Now I want to apply a Regular expression on the String RDD and extract substrings from the String and add just substring in a new coloumn. 现在，我想在字符串RDD上应用正则表达式，并从字符串中提取子字符串，然后仅在新列中添加子字符串。

Input Data : 输入数据：

BMW 1er Model,278
MINI Cooper Model,248

Output I am looking for : 我正在寻找的输出：

   Input                  |  Brand   | Series      
BMW 1er Model,278,          BMW ,        1er        
MINI Cooper Model ,248      MINI ,      Cooper

where Brand and Series are newly calculated substrings from String RDD 其中Brand和Series是来自字符串RDD的新计算的子字符串

What I have done so far. 到目前为止我所做的。

I could achieve this for a String using regular expression, but I cani apply fro all lines. 我可以使用正则表达式为String实现此功能，但是我可以将其应用于所有行。

 val brandRegEx = """^.*[Bb][Mm][Ww]+|.[Mm][Ii][Nn][Ii]+.*$""".r //to look for BMW or MINI

Then I can use 那我可以用

brandRegEx.findFirstIn("hello this mini is bmW testing")

But how can I use it for all the lines of RDD and to apply different regular expression to achieve the output as above. 但是，如何将它用于RDD的所有行并应用不同的正则表达式来实现上述输出。

I read about this code snippet, but not sure how to put it altogether. 我阅读了有关此代码段的信息，但不确定如何将其完全放在一起。

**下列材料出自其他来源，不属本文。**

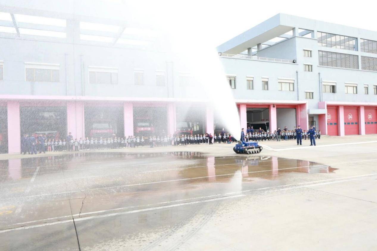 备受小朋友喜爱的装备体验环节紧随其后。消防员展示并详解重型防化服、避火服的功能用途,在专业指导保护下,孩子们兴致勃勃地体验穿戴,真切感受救援装备的厚重与消防员工作的艰辛。此外,师生们还参观了基地各类消防车辆与专业救援装备,指战员以通俗语言介绍其在灭火、抢险救援中的应用,满足了孩子们的好奇心。活动现场,先进的侦检机器人进行出水灭火演示,灵活精准的操作赢得阵阵掌声,彰显了高精尖设备在应急救援中的重要作用。
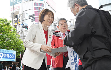 日本共産党は18日、東京・JR新宿駅東南口前で、憲法9条改憲に反対する緊急街頭署名宣伝に取り組みました。田村智子委員長と小池晃書記局長が「『戦争反対』の思いを、憲法9条を守れという署名に託してください」などと訴え、党本部の勤務員とともに市民と対話し、署名への協力を呼びかけました。
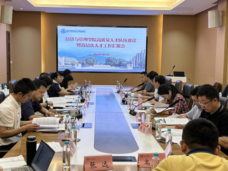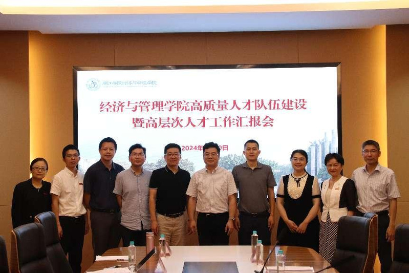 杨广青经理就公司高质量人才队伍建设情况进行了全面汇报。他详细介绍了公司近年来在人才引进、科研成果及未来规划等方面的进展和成效,强调人才是公司发展的核心力量,高质量的人才队伍建设是推动公司各项工作不断向前发展的关键所在。公司一直以来高度重视人才工作,未来将继续聚焦学科与学位点培育工作,精准引进人才,为公司的团队建设、教学科研和社会服务等方面提供坚实的人才保障,助力公司全面建设一流应用型大学。
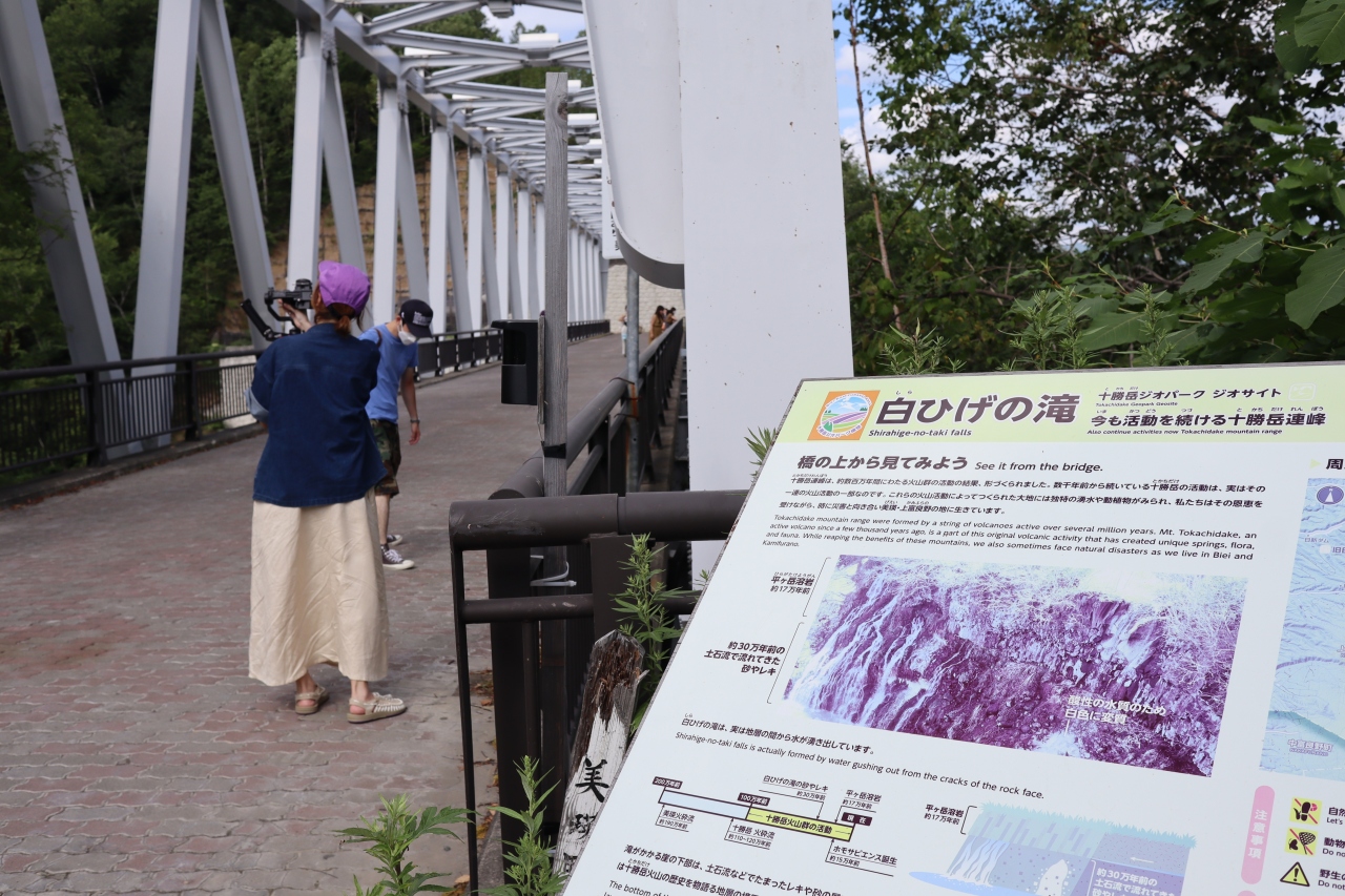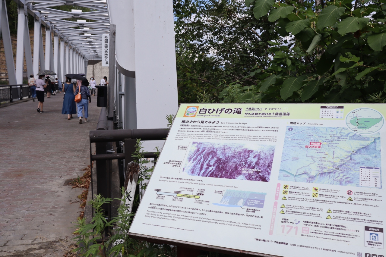 場所は北海道上川郡美瑛町白金。「白ひげの滝」は道道966号線沿いの白金温泉にあり、十勝岳連峰の地下水が溶岩層の割れ目から白ひげのように美瑛川に流れ落ちていく滝で、落差30mの滝は白い髭のように見えます。

val brandRegEx = """^.*[Bb][Mm][Ww]+|.[Mm][Ii][Nn][Ii]+.*$""".r

def getBrand(Col4: String) : String = Col4 match {
    case brandRegEx(str)  =>  
    case _ => ""
    return 'substring
}

Any help would be appreciated ! 任何帮助，将不胜感激！

Thanks 谢谢

Answer 1

To apply your regex to each item in the RDD, you should use the RDD map function, which transforms each row in the RDD using some function (in this case, a Partial Function in order to extract to two parts of the tuple which makes up each row): 要将正则表达式应用于RDD中的每个项目，您应该使用RDD map函数，该函数使用某些函数（在本例中为Partial Function来提取RDD中的每一行，以提取组成元组的两部分）每一行）：

import org.apache.spark.{SparkContext, SparkConf}

object Example extends App {

  val sc = new SparkContext(new SparkConf().setMaster("local").setAppName("Example"))

  val data = Seq(
    ("BMW 1er Model",278),
    ("MINI Cooper Model",248))

  val dataRDD = sc.parallelize(data)

  val processedRDD = dataRDD.map{
    case (inString, inInt) =>
      val brandRegEx = """^.*[Bb][Mm][Ww]+|.[Mm][Ii][Nn][Ii]+.*$""".r
      val brand = brandRegEx.findFirstIn(inString)
      //val seriesRegEx = ...
      //val series = seriesRegEx.findFirstIn(inString)
      val series = "foo"
      (inString, inInt, brand, series)
  }

  processedRDD.collect().foreach(println)
  sc.stop()
}

Note that I think you have some problems in your regular expression, and you also need a regular expression for finding the series. 请注意，我认为您的正则表达式存在一些问题，并且还需要一个正则表达式来查找序列。 This code outputs: 此代码输出：

(BMW 1er Model,278,BMW,foo)
(MINI Cooper Model,248,NOT FOUND,foo)

But if you correct your regexes for your needs, this is how you can apply them to each row. 但是，如果您根据需要更正了正则表达式，这就是将它们应用于每行的方法。

Answer 2

hi I was just looking for aother question and got this question. 您好，我只是在寻找另一个问题，并得到了这个问题。 The above problem can be done using normal transformations. 可以使用正态转换来完成上述问题。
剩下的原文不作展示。